[vfio-users] P2P DMA between endpoint devices inside a VM

Wed Sep 23 22:43:56 UTC 2020

On Wed, 23 Sep 2020 15:32:15 -0700
Maran Wilson <maran.wilson at gmail.com> wrote:

> On Wed, Sep 23, 2020 at 2:19 PM Alex Williamson <alex.williamson at redhat.com>
> wrote:
> 
> > On Wed, 23 Sep 2020 13:08:10 -0700
> > Maran Wilson <maran.wilson at gmail.com> wrote:
> >  
> > > Just wanted to wrap up this thread by confirming what Alex said is true  
> > (in  
> > > case anyone else is interested in this topic in the future). After  
> > enabling  
> > > IOMMU tracing on the host I was able to confirm that IOMMU mappings were,
> > > in fact, being created properly to map the gPA to hPA of both devices'  
> > BAR  
> > > resources.
> > >
> > > It turns out that our hardware device provides a backdoor way of reading
> > > PCI config space via BAR mapped register space.  The driver inside the VM
> > > was using that and thereby reading back the hPA of the BAR (and using  
> > that  
> > > to program the DMA controller). This sort of breaks the whole  
> > pass-through  
> > > model so I'll have to sort that out on the driver/device side to close  
> > that  
> > > loophole somehow so that the driver inside the VM is forced to use  
> > standard  
> > > Linux APIs to read PCI config space.

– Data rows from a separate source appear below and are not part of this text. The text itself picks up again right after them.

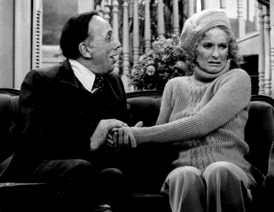 Photo of Cloris Leachman as Phyllis Lindstrom and Henry Jones as her stepfather-in-law, Judge Jonathan Dexter from the television program Phyllis.
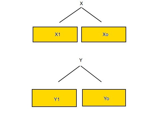 in Karatsuba algorithm divide number s to halved size.
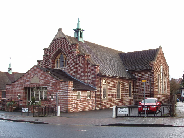 Kenton Methodist Church. On Kenton Road, by Totternhoe Close. Built in 1937.
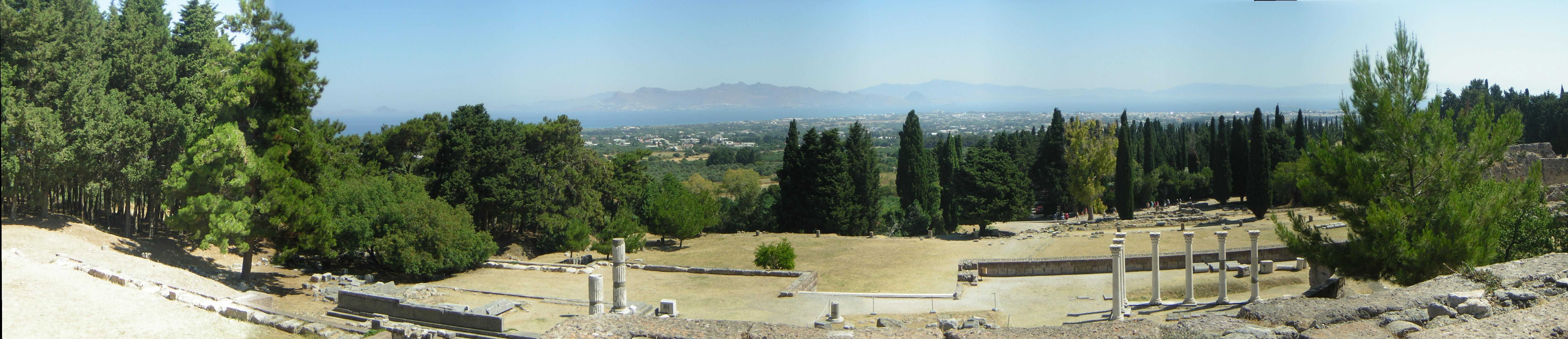 Asklepieion panoramic view

That way KVM/Qemu can properly
> > > intercept the access and return the gPA values.  
> >
> > Thanks for the follow-up!  It sounds like another option for you might
> > be to virtualize those backdoor accesses like we do for GPUs that have
> > similar features.  That could allow existing drivers to work
> > unmodified.  If you're interested, take a look at hw/vfio/pci-quirks.c
> > in QEMU.  We have generic support for both a VFIOConfigWindowQuirk,
> > where access to config space is through separate data and offset
> > registers, and a VFIOConfigMirrorQuirk, where a range of MMIO space
> > maps to config space.  We just need to know the parameters to apply to
> > your device.  The only downside to the virtualization is that we trap
> > MMIO accesses at page size granularity, so MMIO accesses within that
> > shared page would fault into QEMU to do a read or write rather than
> > make use of the direct access provided through an mmap.  Thanks,
> >
> > Alex
> >  
> 
> Oh yeah. That's exactly what we have going on with our hardware.  So if I'm
> understanding properly, we would just have to run with a patched version of
> Qemu on the host and the rest of the SW stack (kernel, vfio-pci driver,
> etc) can run as-is right?

Yup, QEMU virtualizes the backdoor to expose the emulated config space
rather than the bare metal config space, everything else just work. 
Thanks,

Alex